Lately I have been going through a bunch of maintenance style scripts and fixing them.  Along with fixing them, I have also been updating them to work more efficiently and to work in SQL 2008.  Most have been corrected / updated.  The most recent script I have been looking at is supposed to backup databases and delete old database backups from the fileshare based on parameters passed to the stored procedures from a table.  The backups are working as expected, the deletion of files is not working so well.

This will be just a short entry on some of the frustration involved with getting this script to work properly.  That frustration revolves around the title of the post.

In the Beginning…

The procedure that runs the backups is a modularized script.  The basic workings depend on bit operations / math.  Thus I can store multiple options for the backup job within a single field.  Some of these options are for compression, verify, and to delete the backup files.  Performing the bit math on the values stored in this particular field, I knew that my settings were correct and that various operations were supposed to be happening.  The logic inside the parent procedure was also correct to call the delete module.  Thus I figured the problem had to be inside that module.  So it is in the delete module that we will pick up.

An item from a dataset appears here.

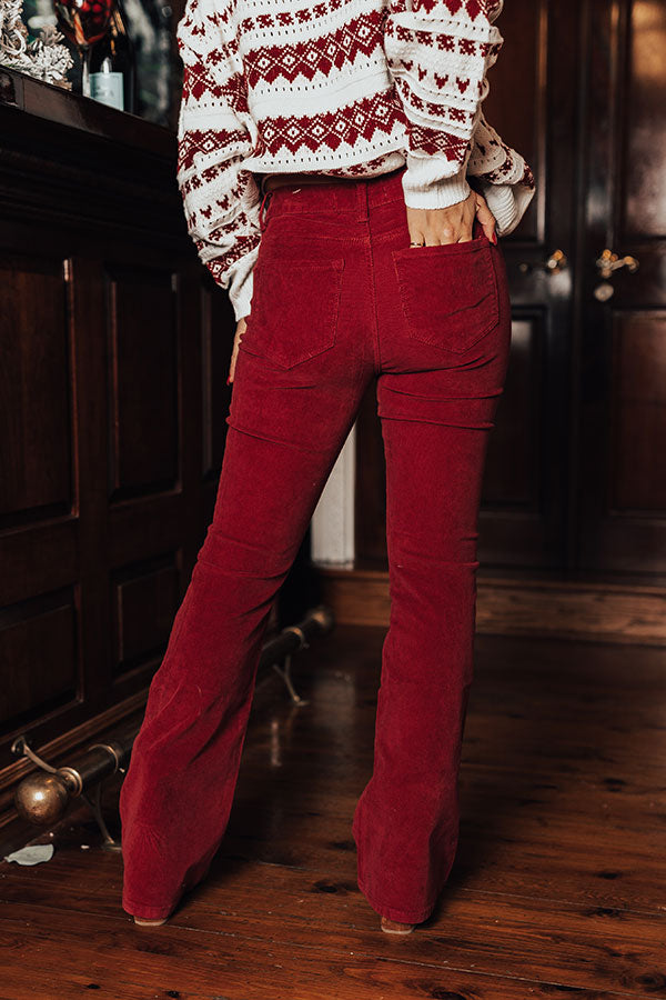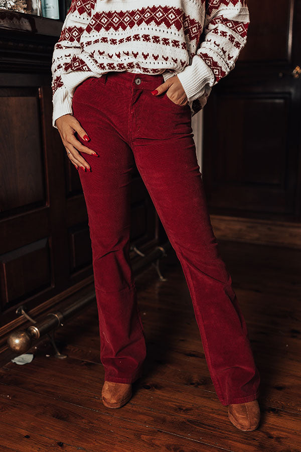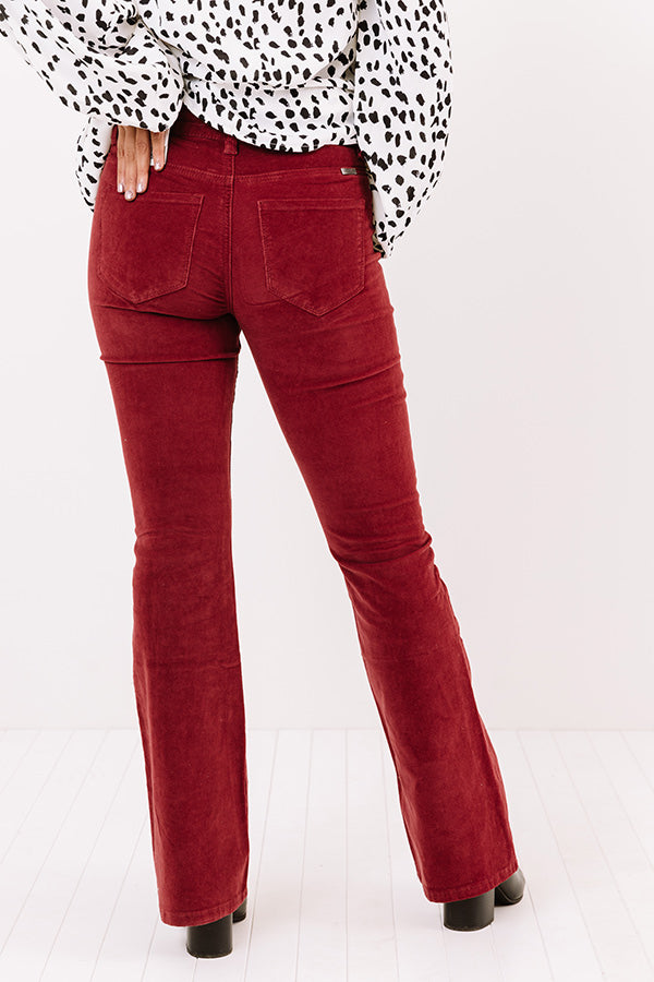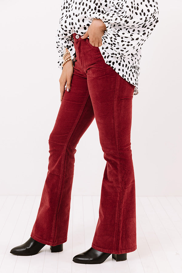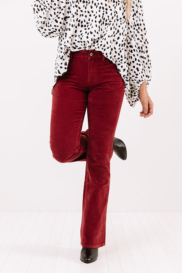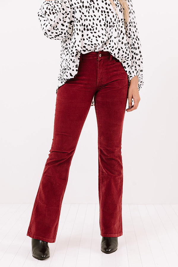 Stay groovy all year round with our adorable wine colored 'Sheela' flares featuring lightweight stretchy corduroy material, high waistline with belt loops, a hidden zip fly with a button closure, four pocket cuts, and a flattering form fitting silhouette that falls into boot cut floor-length hemlines! Measurements

Inside this delete module we have various operations to determine OS version, then loops to get file details, and to move this information from one temp table to another, and then ultimately a delete statement.  The delete statement is run iteratively for each file that matches certain criteria (most notably that the file is older than the retention specified).  Each action is then logged to a Log table.  Here is a snapshot of what the script does to find the file information.

[codesyntax lang="tsql"]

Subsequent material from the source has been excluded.